**What needs to be done:**
Once the line containing "Frontis de la" appears, output it and each remaining line of the records below exactly, with no pictures and nothing more.

**Records to use:**
───
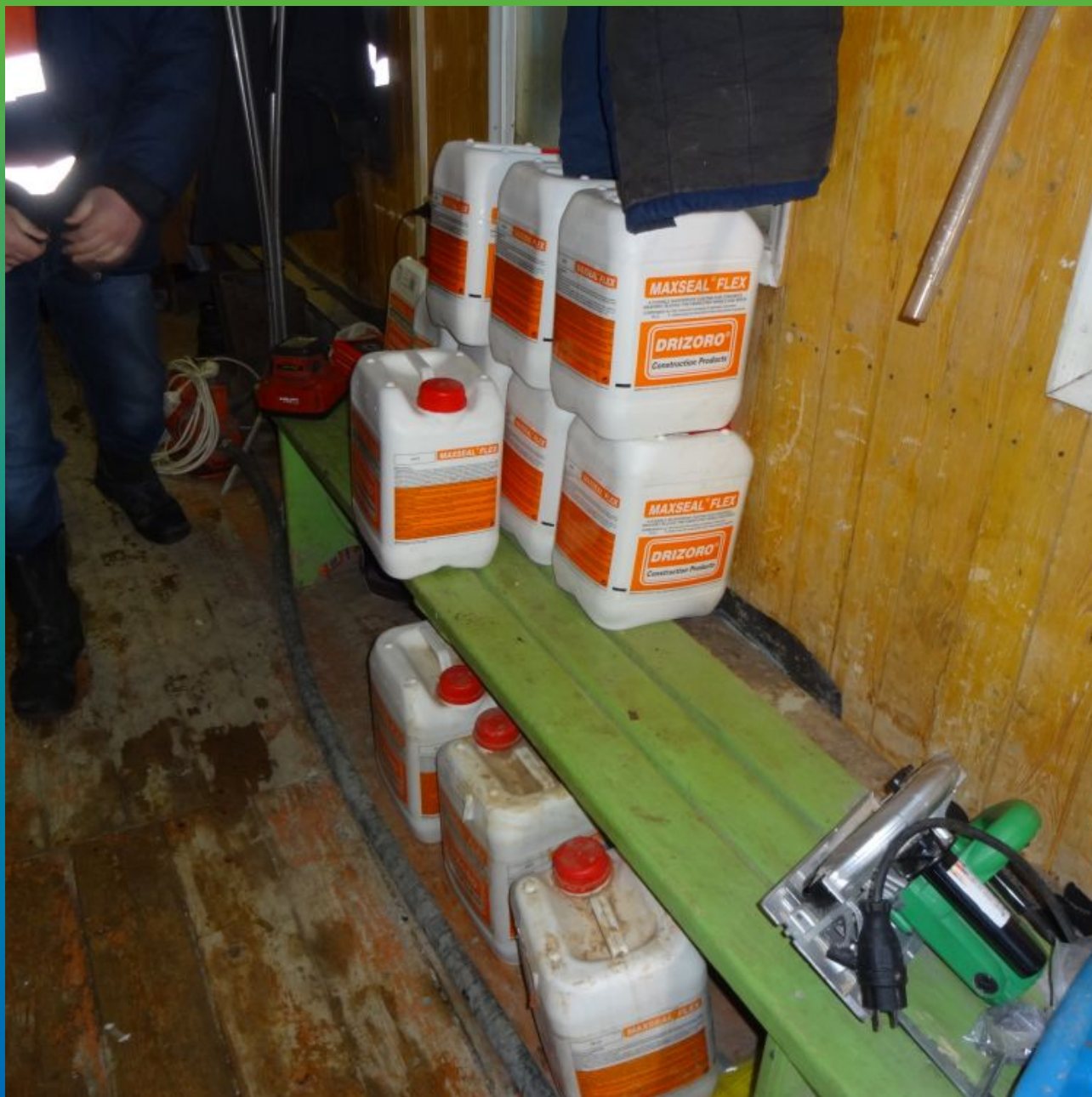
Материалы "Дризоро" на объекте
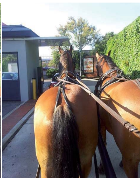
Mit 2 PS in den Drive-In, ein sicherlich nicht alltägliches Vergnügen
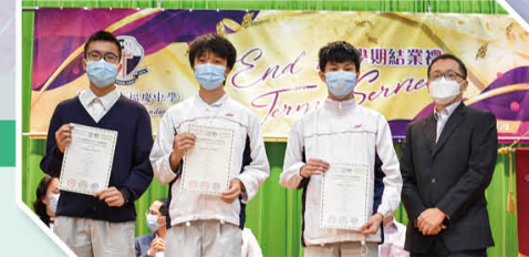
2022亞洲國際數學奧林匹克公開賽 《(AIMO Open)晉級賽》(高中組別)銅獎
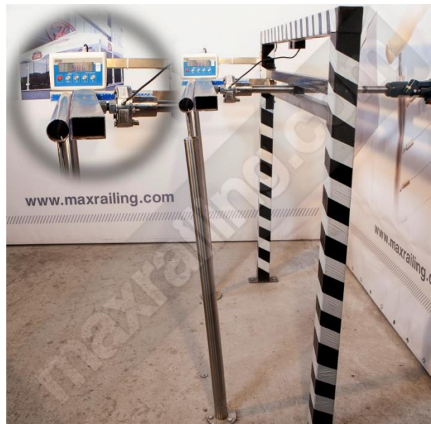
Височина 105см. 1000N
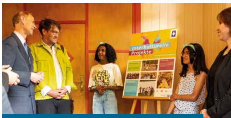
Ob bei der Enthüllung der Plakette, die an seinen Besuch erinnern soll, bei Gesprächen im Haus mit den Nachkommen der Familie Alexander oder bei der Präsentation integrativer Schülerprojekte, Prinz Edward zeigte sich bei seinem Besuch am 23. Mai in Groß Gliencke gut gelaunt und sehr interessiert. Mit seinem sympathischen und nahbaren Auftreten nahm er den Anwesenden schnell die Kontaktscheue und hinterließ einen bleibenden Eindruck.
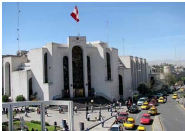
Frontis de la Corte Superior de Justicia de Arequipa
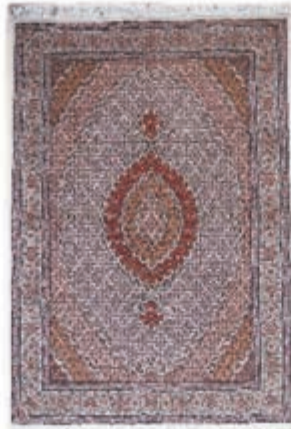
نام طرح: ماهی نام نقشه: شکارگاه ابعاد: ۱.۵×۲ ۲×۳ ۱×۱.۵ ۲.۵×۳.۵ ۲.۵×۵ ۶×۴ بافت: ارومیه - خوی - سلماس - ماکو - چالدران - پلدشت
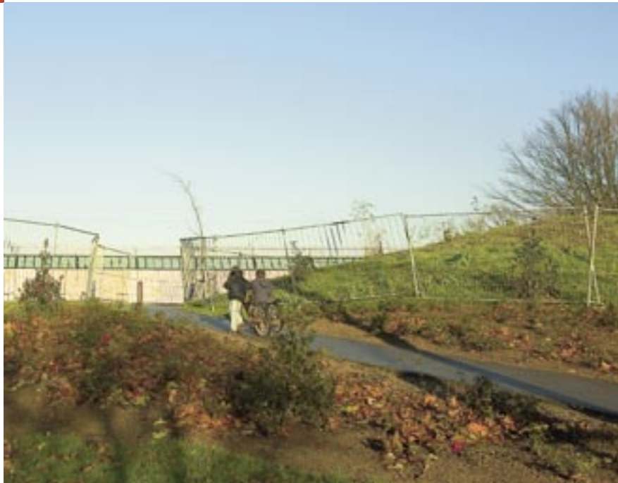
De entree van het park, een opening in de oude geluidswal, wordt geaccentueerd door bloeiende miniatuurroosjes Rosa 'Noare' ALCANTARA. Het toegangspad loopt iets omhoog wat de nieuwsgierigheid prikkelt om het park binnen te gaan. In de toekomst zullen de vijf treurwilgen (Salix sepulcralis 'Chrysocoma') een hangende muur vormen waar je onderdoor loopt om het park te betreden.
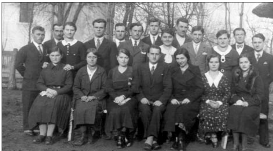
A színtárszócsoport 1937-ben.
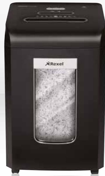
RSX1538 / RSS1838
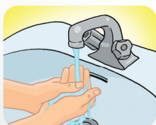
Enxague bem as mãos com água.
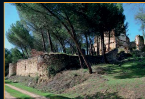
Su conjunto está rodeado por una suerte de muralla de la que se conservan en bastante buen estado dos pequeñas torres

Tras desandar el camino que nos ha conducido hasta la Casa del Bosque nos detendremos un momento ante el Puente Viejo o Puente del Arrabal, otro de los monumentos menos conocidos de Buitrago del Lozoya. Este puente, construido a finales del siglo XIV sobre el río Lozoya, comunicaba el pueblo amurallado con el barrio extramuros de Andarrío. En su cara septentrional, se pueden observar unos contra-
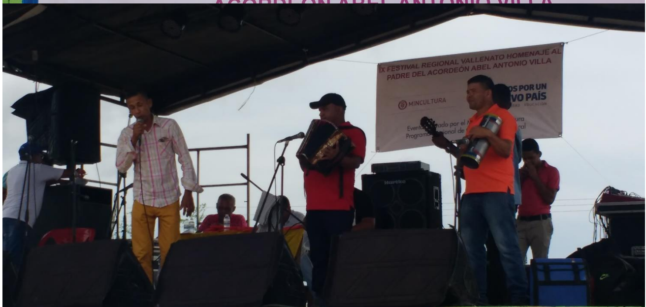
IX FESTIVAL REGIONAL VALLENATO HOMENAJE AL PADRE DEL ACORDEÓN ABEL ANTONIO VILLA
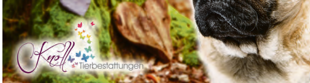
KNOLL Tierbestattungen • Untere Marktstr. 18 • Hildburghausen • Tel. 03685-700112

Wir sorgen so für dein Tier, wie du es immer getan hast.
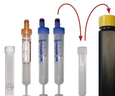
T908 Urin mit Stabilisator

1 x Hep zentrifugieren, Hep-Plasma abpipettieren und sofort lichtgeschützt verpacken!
───
**Reply:**
Frontis de la Corte Superior de Justicia de Arequipa
نام طرح: ماهی نام نقشه: شکارگاه ابعاد: ۱.۵×۲ ۲×۳ ۱×۱.۵ ۲.۵×۳.۵ ۲.۵×۵ ۶×۴ بافت: ارومیه - خوی - سلماس - ماکو - چالدران - پلدشت
De entree van het park, een opening in de oude geluidswal, wordt geaccentueerd door bloeiende miniatuurroosjes Rosa 'Noare' ALCANTARA. Het toegangspad loopt iets omhoog wat de nieuwsgierigheid prikkelt om het park binnen te gaan. In de toekomst zullen de vijf treurwilgen (Salix sepulcralis 'Chrysocoma') een hangende muur vormen waar je onderdoor loopt om het park te betreden.
A színtárszócsoport 1937-ben.
RSX1538 / RSS1838
Enxague bem as mãos com água.
Su conjunto está rodeado por una suerte de muralla de la que se conservan en bastante buen estado dos pequeñas torres

Tras desandar el camino que nos ha conducido hasta la Casa del Bosque nos detendremos un momento ante el Puente Viejo o Puente del Arrabal, otro de los monumentos menos conocidos de Buitrago del Lozoya. Este puente, construido a finales del siglo XIV sobre el río Lozoya, comunicaba el pueblo amurallado con el barrio extramuros de Andarrío. En su cara septentrional, se pueden observar unos contra-
IX FESTIVAL REGIONAL VALLENATO HOMENAJE AL PADRE DEL ACORDEÓN ABEL ANTONIO VILLA
KNOLL Tierbestattungen • Untere Marktstr. 18 • Hildburghausen • Tel. 03685-700112

Wir sorgen so für dein Tier, wie du es immer getan hast.
T908 Urin mit Stabilisator

1 x Hep zentrifugieren, Hep-Plasma abpipettieren und sofort lichtgeschützt verpacken!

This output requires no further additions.